De acordo com reportagem publicada no jornal Folha de S.Paulo, “segundo dados do TSE (Tribunal Superior Eleitoral), Elisa, que se apresentava nas redes como ‘a federal do Bolsonaro no DF’, recebeu R$ 25 mil do fundo criado para financiar campanhas políticas e sua maior despesa, R$ 14,9 mil (59% do total), foi com o próprio marido, o engenheiro Ronaldo Robson de Freitas. A candidata obteve 11.638 votos (0,81% dos votos válidos)”.

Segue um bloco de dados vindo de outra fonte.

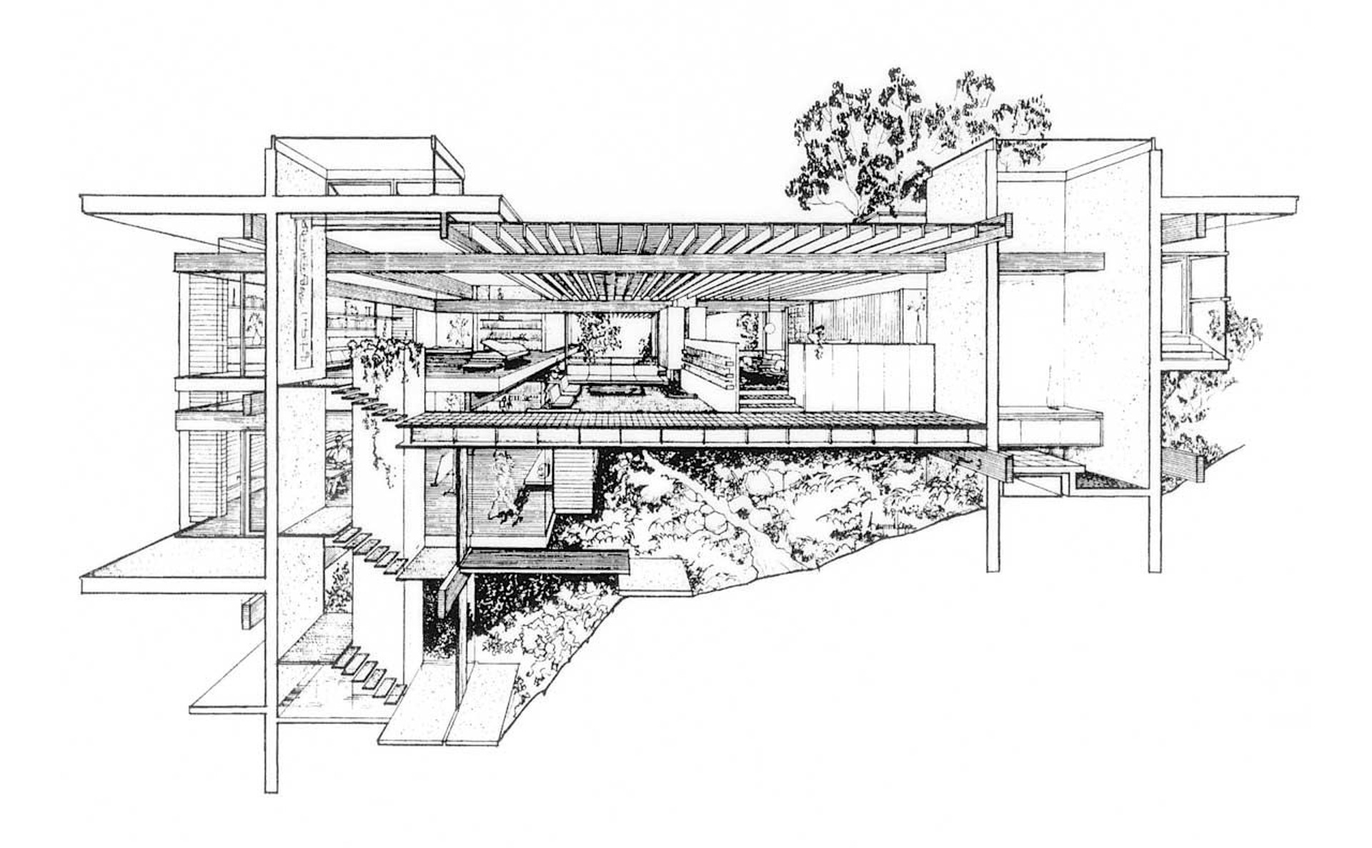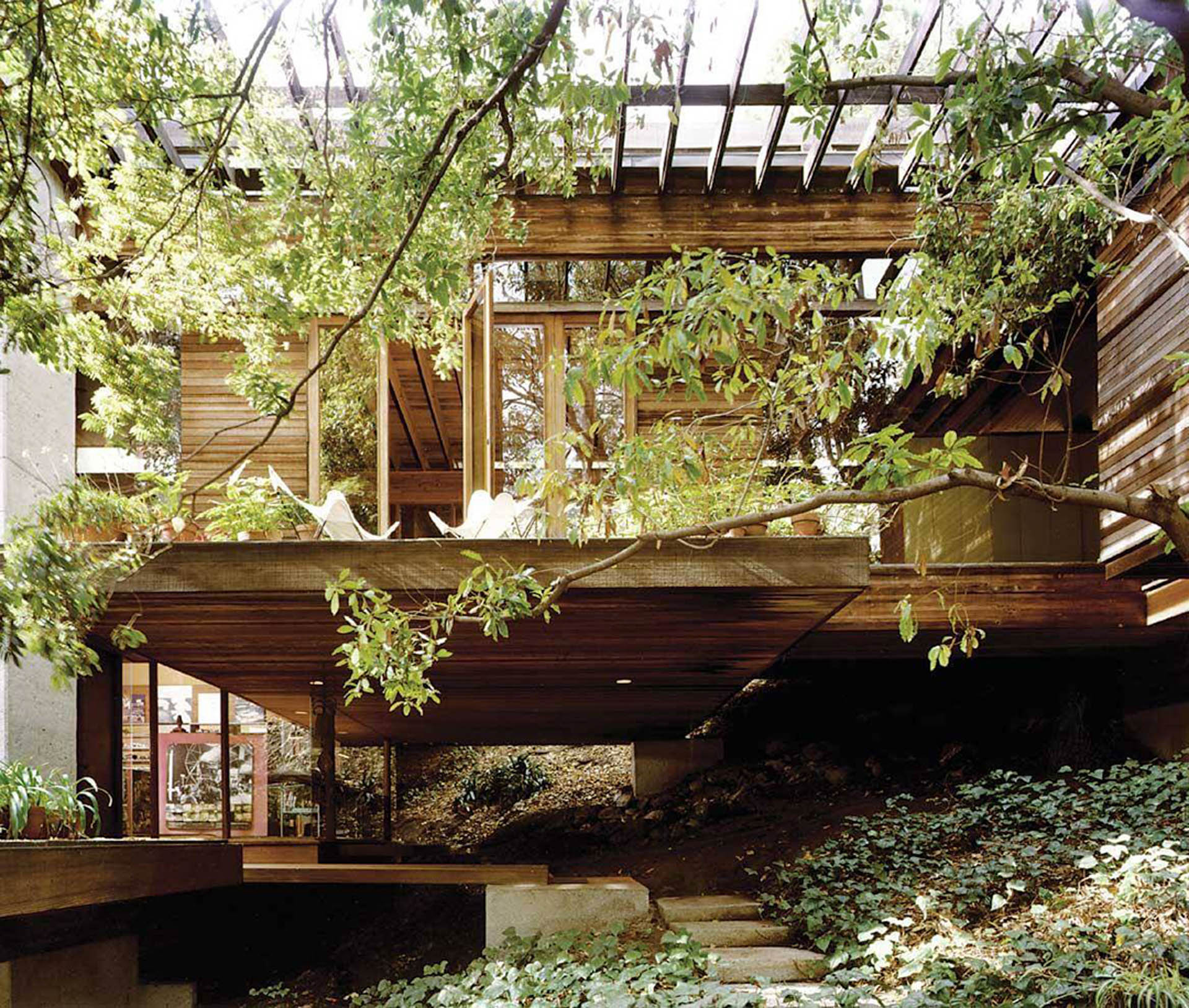 Suspendida sobre la ladera, entre hormigón, vidrio y secuoya, la casa sigue recordando que la arquitectura doméstica puede ser al mismo tiempo experimento estructural y lugar para vivir.
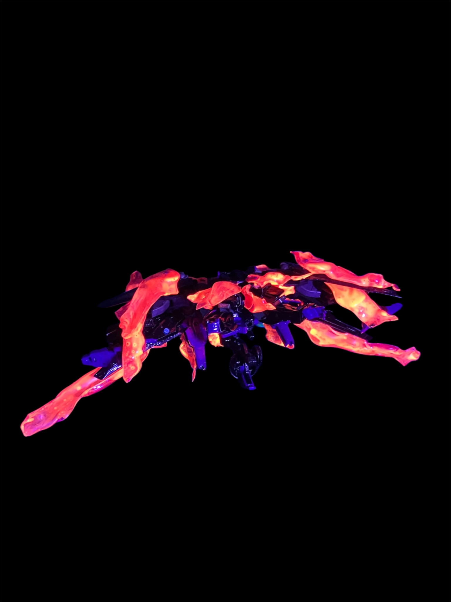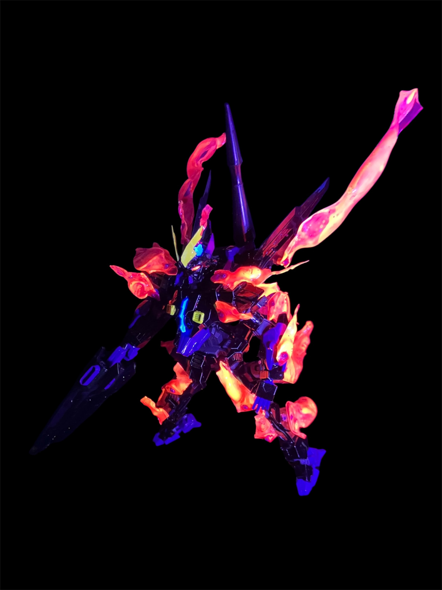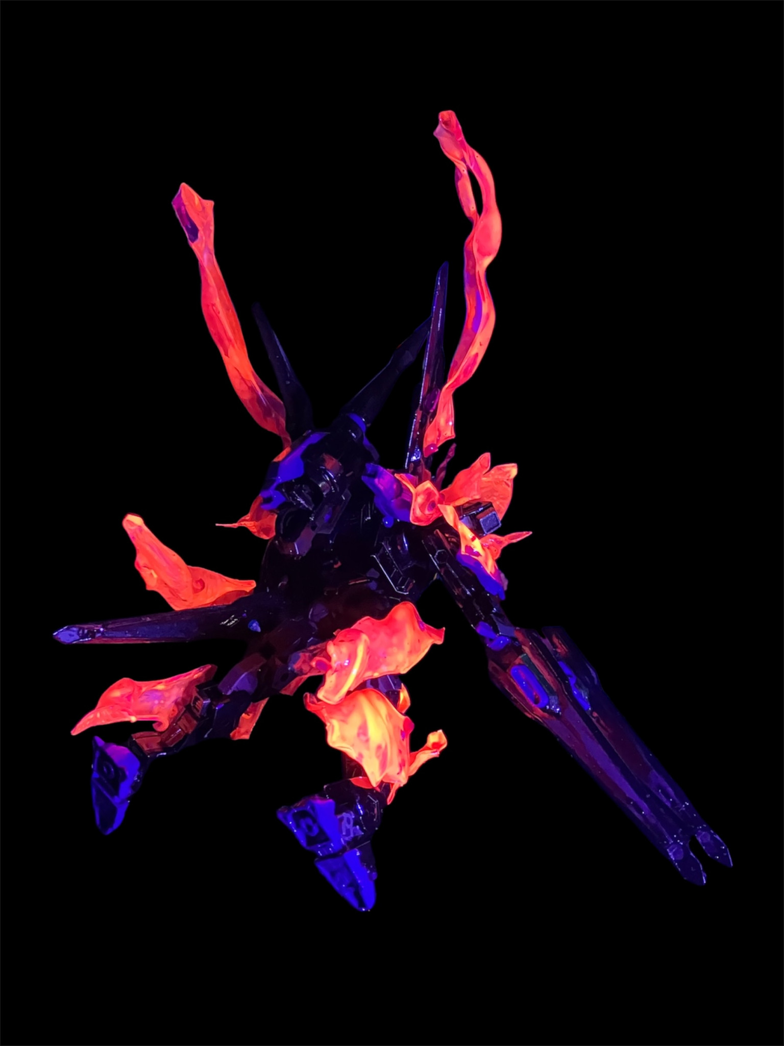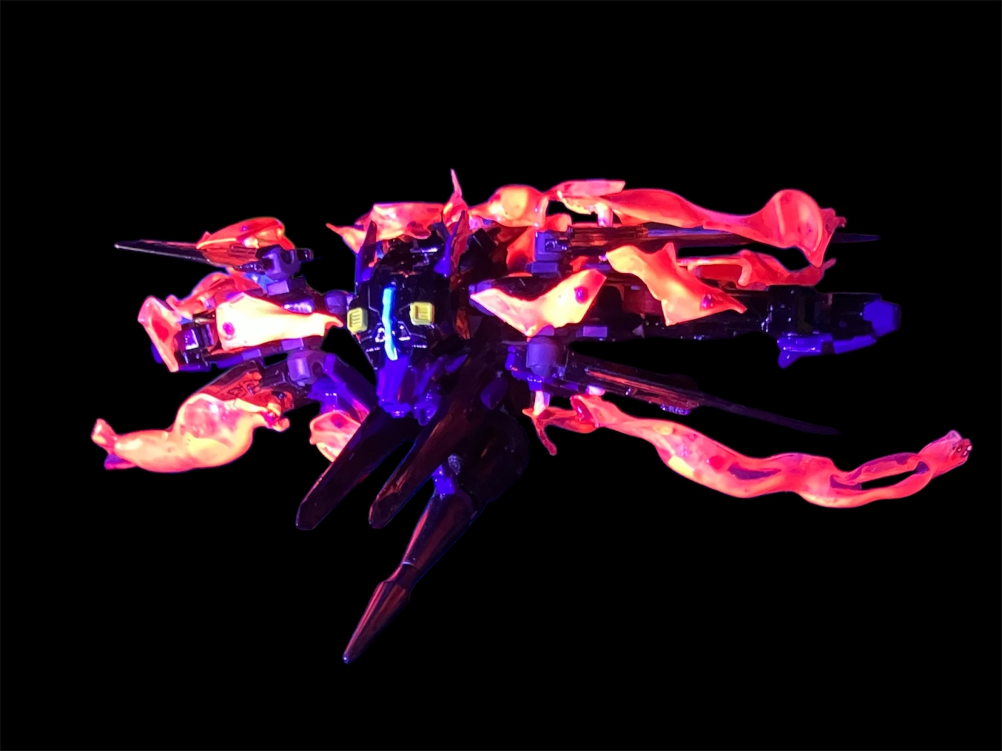 裏側。塗装はエフェクト内側に面する箇所を蛍光ピンク、外側をクリアピンクで塗装して内側から光が漏れ出るようにしてみました。
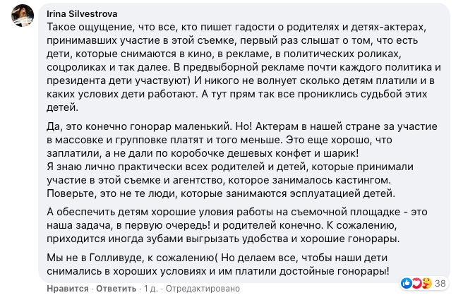 "Дети снимались, заработали гонорар, родители были рядом, никого насильно не тянули. Что не так? В рекламе снимают намного чаще и больше детей каждый день. Что вам не так?" – пишет одна из пользовательниц.
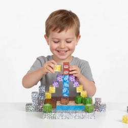 De diverse kleuren en texturen inspireren tot het maken van originele scènes, torens en 3D-constructies. Ideaal voor de ontwikkeling van ruimtelijk denken en fantasie.
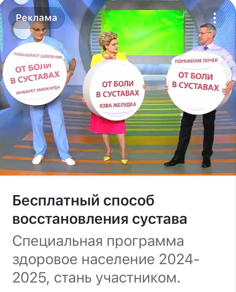 Так и сейчас: бесплатно, забирайте, и восстанавливайте свои суставы. Эффективно, и безопасно. Вопрос только один: если бесплатно, то зачем кто-то тратится на рекламу? Аттракцион невиданной щедрости?
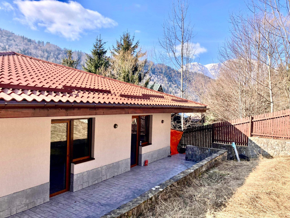 Terasa şi ferestrele mari sunt orientate astfel încât să profite de expunerea către munte, oferind vedere panoramică asupra crestelor, pădurilor şi văii.
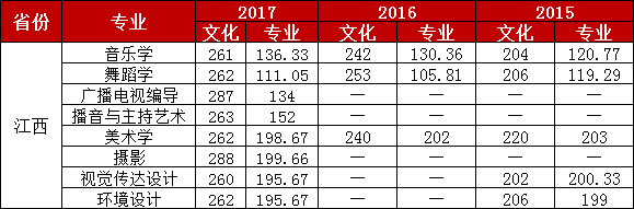 注:攝影專業(yè)認可江西省美術(shù)與設計類統(tǒng)考成績 藝術(shù)類近三年錄取分數(shù)情況
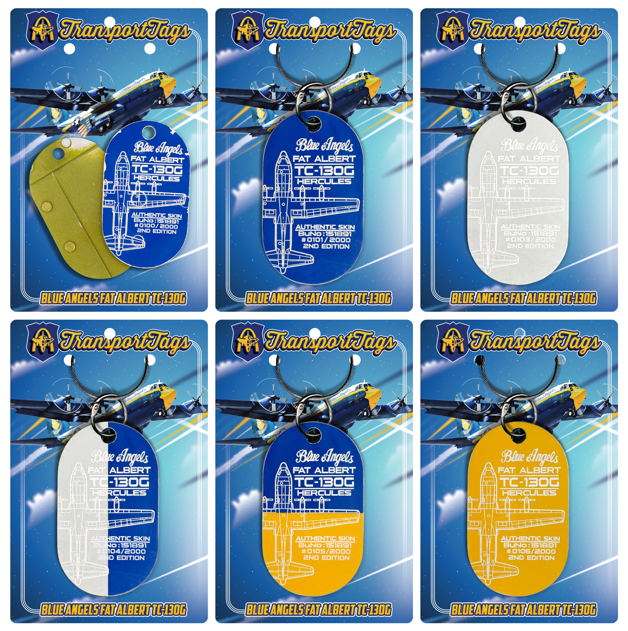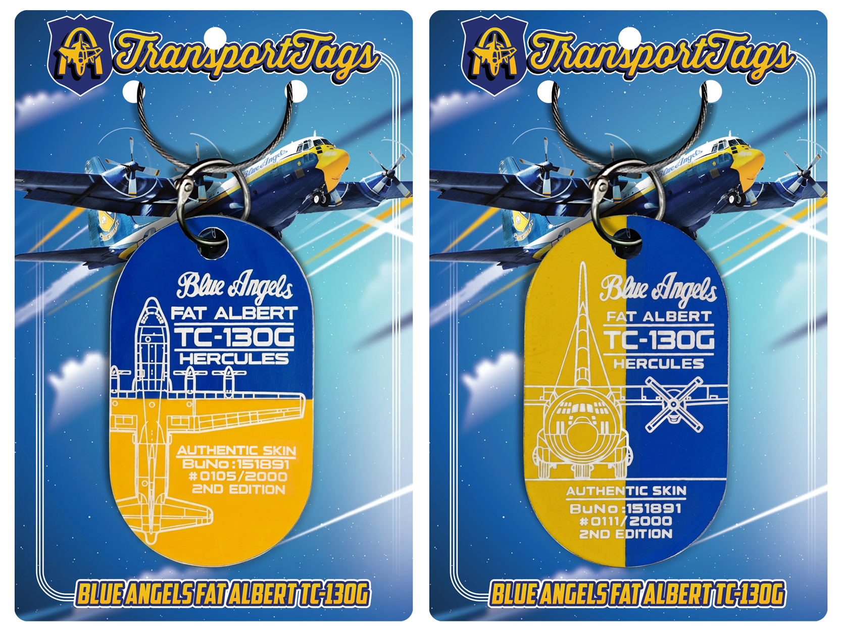 TransportTags has been honored to offer the very first Blue Angels tag and Fat Albert tag to collectors, and now we are honored to present a second release of the beloved “Fat Albert” tag — crafted from newly acquired additional material of the same U.S. Navy Blue Angels’ legendary Lockheed TC-130G Hercules (BUNO 151891).
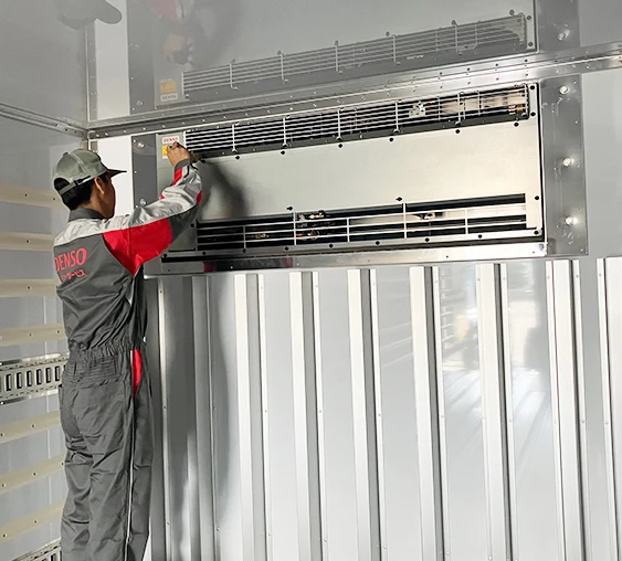 冷凍機架装業務では、通常ボディメーカーの方とのやり取りのみでエンドユーザーの方と話す事はありませんが、運送業者さんへ訪問し冷凍車の納車前点検を実施する機会がありました。その際、お客様から「デンソーさんの冷凍機はよく冷えるね」とお褒めの言葉を頂き、これからも冷凍機架装を頑張ろうと思いました。
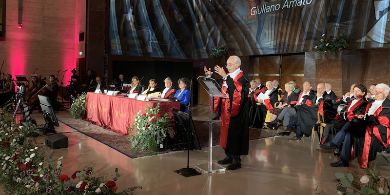N ell'Aula magna dell'Università di Roma Sapienza, in occasione della cerimonia di inaugurazione dell'anno accademico 2022-2023 (il 720esimo dalla fondazione) è stato conferito al presidente della Corte costituzionale Giuliano Amato il dottorato honoris causa in Studi politici.
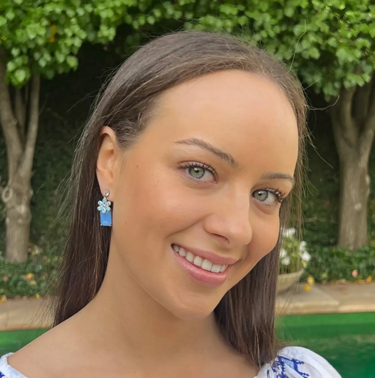 The perfect everyday pair, with a colourful pop. Silver metal adorned with striking Cornflour Blue and clear crystals, with statement Cornflour Blue zirconia gems, Emerald Cut.
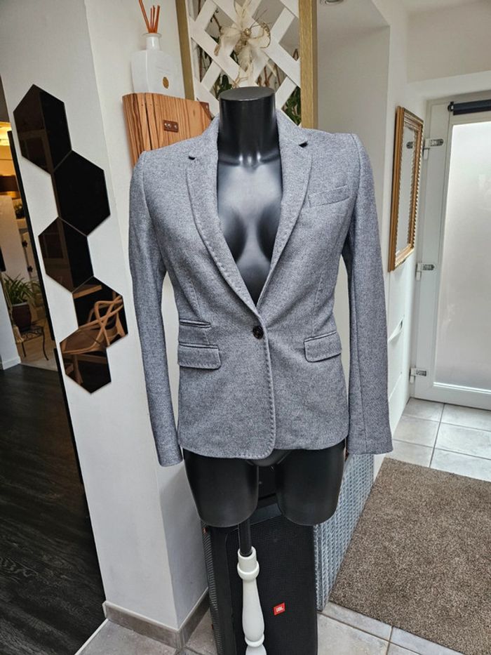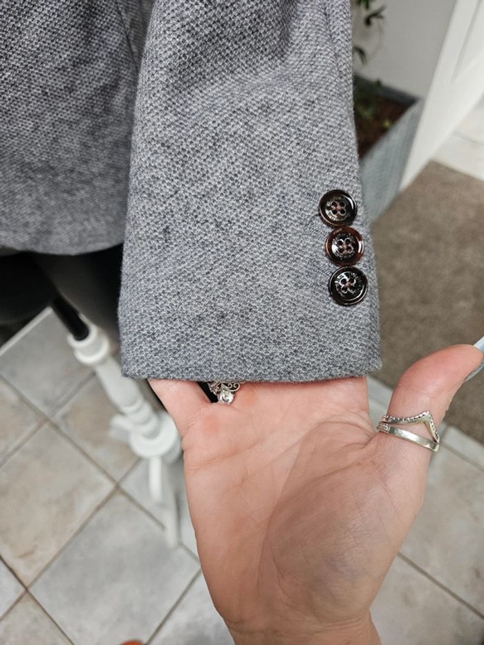 Superbe blazer gris moucheté. Il contient de la laine et il est en parfait état
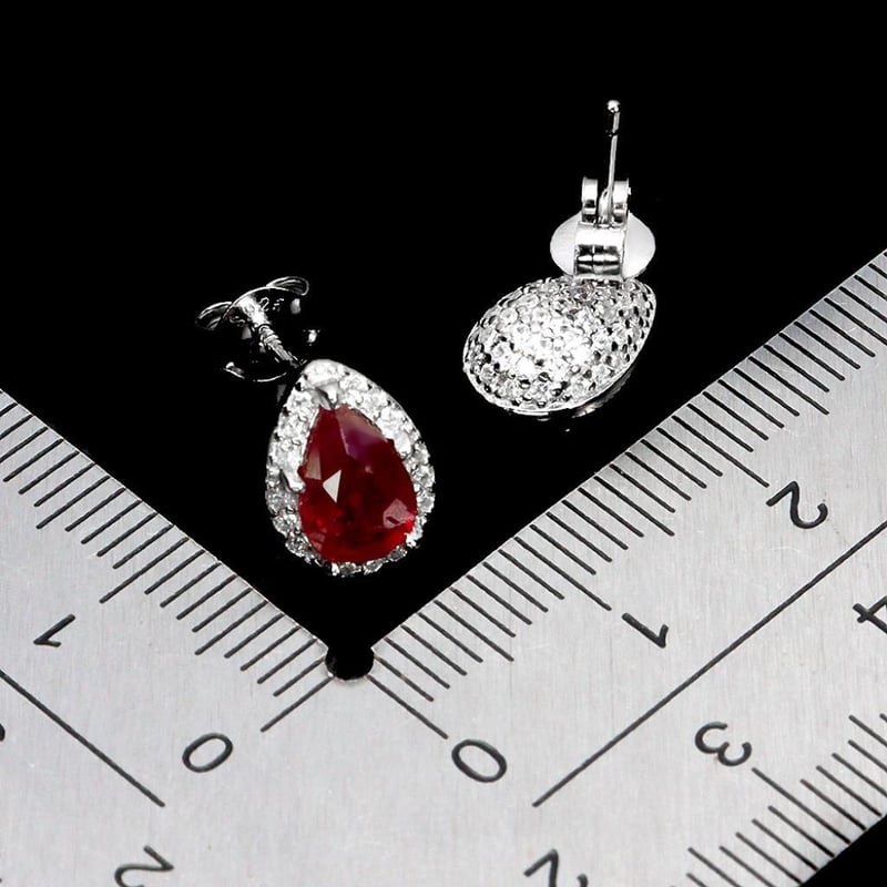 Natural Ruby Stud Earrings. Made In Solid Sterling Silver And Plated In14K White Gold. Features Natural Blood Red Pear Facet Rubies Surrounded By Sparkling Czs. Earrings Measure 10X7Mm.
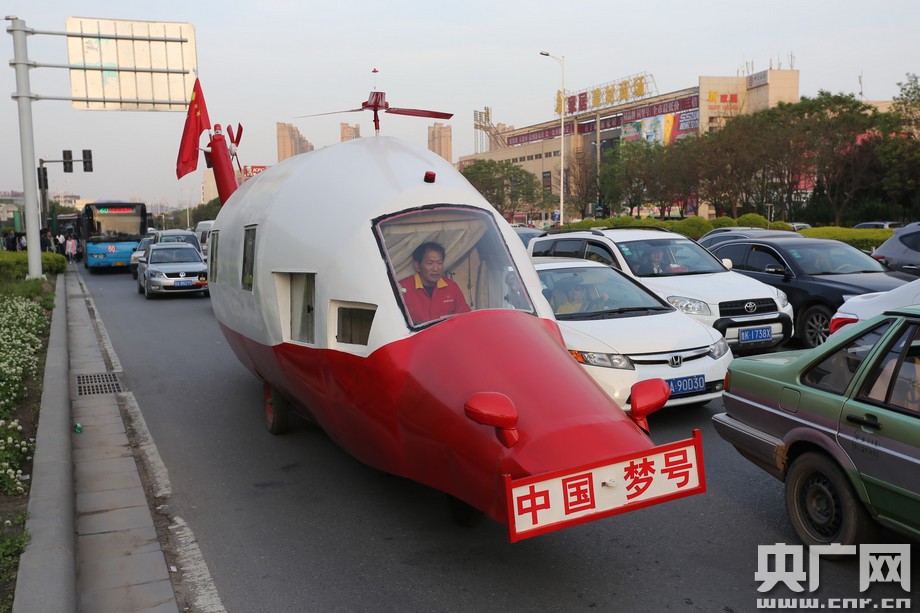 2015年4月21日,河南省郑州市,一架外形奇特的山寨“直升机”闪着警灯拉着警笛行驶在街头,直升机叫中国梦号,还挂着“请勿靠近 随时起飞”的牌子。吸引了众多行人的目光,纷纷围观。

No Facebook, Elisa disse que o marido gerenciou todo o trabalho que foi feito de comunicação nas redes sociais. “Ele administrou as informações, os posts patrocinados, a produção de pequenos vídeos e os poucos recursos financeiros que precisaram ser gerenciados (com gasto total de R$ 30 mil. Inclusive, nossa família de 5 pessoas está sem carro até hoje porque decidimos dar prioridade financeira para a minha campanha na época)”, publicou. Ronaldo é engenheiro mecânico com mestrado em Ética e Gestão, segundo seu perfil na página da Empresa Brasileira de Pesquisa Agropecuária (Embrapa), onde trabalha desde 2007. Atualmente, ele trabalha como analista na área de Patrimônio e Suprimentos da Secretaria-Geral.

A Procuradoria Regional Eleitoral no Distrito Federal desaprovou as contas de Elisa e pediu para que fosse determinada pela Justiça a devolução aos cofres públicos de R$ 1.520, que ela havia doado ao candidato a deputado estadual Edmilson Serafim Bezerra (PSL/GO). A então candidata argumentou que a transação se reverteu em favor de sua própria campanha. O Ministério Público considerou a declaração “genérica” e “abstrata” e afirmou que o candidato de Goiás concorria “a cargo eletivo diverso, por outro partido político, em unidade federativa distinta”, o que faz crer que “a prestadora de contas [Elisa Robson] não obteve qualquer proveito político-eleitoral com a transferência questionada”.

A Procuradoria diz ainda que “houve grave infringência” às regras de distribuição dos valores do fundo eleitoral e que ignorar isso seria justificar “eventuais procedimentos fraudulentos na aplicação de recursos públicos como são os oriundos do FEFC [Fundo Especial de Financiamento de Campanha, o fundo eleitoral], solapando-se, ainda, o elevado sentido da instituição da cota feminina no ambiente político-eleitoral brasileiro”.